Excerpted from Pat Conaty:

“On your key point Henry below that the Levellers (civll rights movement) and Diggers (the commons and commonwealth movement) took separate paths, you are right. But this was not any intention as key Diggers were Levellers and they described themselves as True Levellers.

The same divergence happened during the early days of the industrial revolution in the 1790s as Tom Paine (civil rights) and Thomas Spence (the commons and commonwealth) also diverged somewhat. Thomas Spence like Winstanley could see and argued that civil rights alone will not lead to full democracy. Full democracy requires a property rights foundation in commonwealth and beginning with amended rights to land use to overcome enclosure.

From 1815 Robert Owen and others like Ricardian socialists led by the Irish Co-operative leader, William Thompson sought to unite both but through economic democracy. The Chartists and especially the Irish leaders not only pushed for the undelivered annual Parliaments but they also set up the Chartist Land Company and raised sufficient share issue investment from trade unions to set up half a dozen Chartist co-operative villages.

It was Parliamentarians that forced the closure of the Chartist Land Company in the early 1850s. But John Stuart MIll picked up this cause and joined others in the first movements in London to protect Open Spaces and to create urban commons and parks. Also he argued that all land should be brought into commonwealth, either locally by campaigns or by municipal urban renewal to tackle slums or by land nationalisation. Municipal socialism in Birmingham and Glasgow took up Millian ideas.

Parliamentarians have favoured public land solutions off and on. But check out this compelling court case and story by Tania Branigan the Guardian correspondent in China. She shows how Zhang Haixan and a modern day Digger movement group of leaders in the 21st century in China is being jailed just for asserting commons ownership and use rights on what was nationalised by the Communists and is no longer being treated as common ownership but sold off.

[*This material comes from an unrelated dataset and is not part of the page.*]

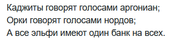 Лучшие кузнецы Сиродила выковали вам броню! Носи! Носи эбонит! Нет, стекло носят! Что такое? И это, блядь, ЧЕМПИОНЫ?! В кожу наряжаются, стекло носят! Эльфийские шлемы таскают. Это, ЧЕМПИОНЫ, я спрашиваю?! Пидоры, блядь, какие-то...
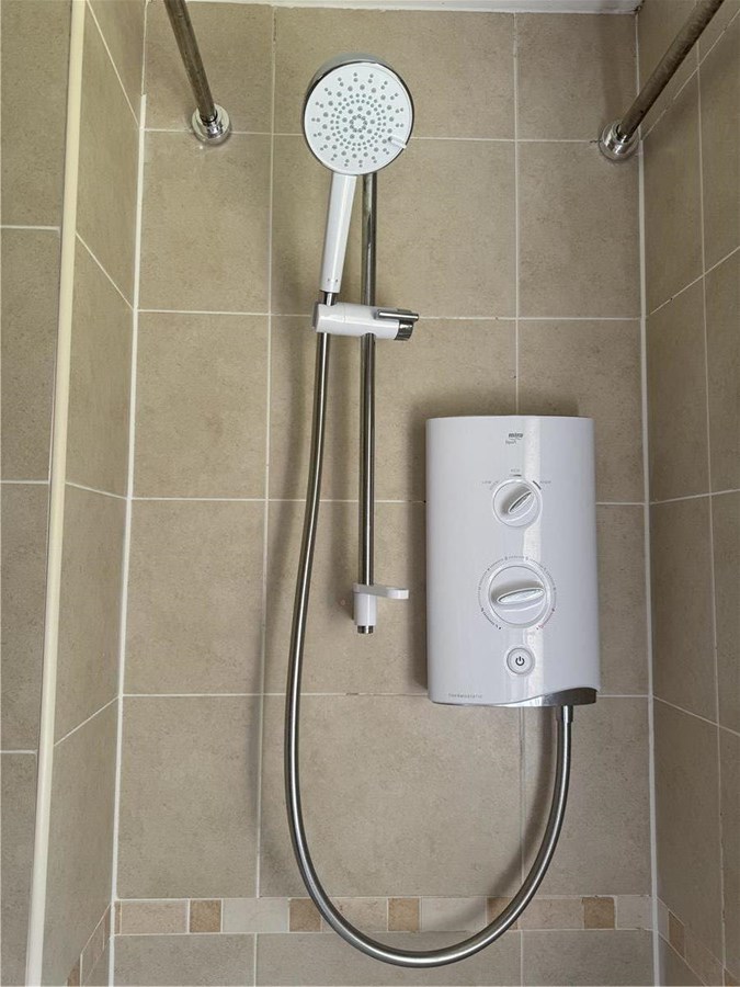 Bathroom with bath and electric power shower.

The disconnect in thinking between commons land and land in public ownerships is a grand canyon tragically and seems rooted in the Leveller and Digger separate roads. Like a one-eyed Wall, the state simply is out of touch with the practices of commoners down the ages for how to productively and locally steward land to build commonwealth.

Hence the need for an very clear, articulate and compelling Politics of the Commons to build social-public partnerships in the communitarian ways.

Anyway now that a CLT in London is happening and being recognised, this Politics of the Commons is not an impossible sell in my view.

Emma Howard in the Guardian is seeking to do stories on all the CLTs in the country, so the Guardian is getting on board.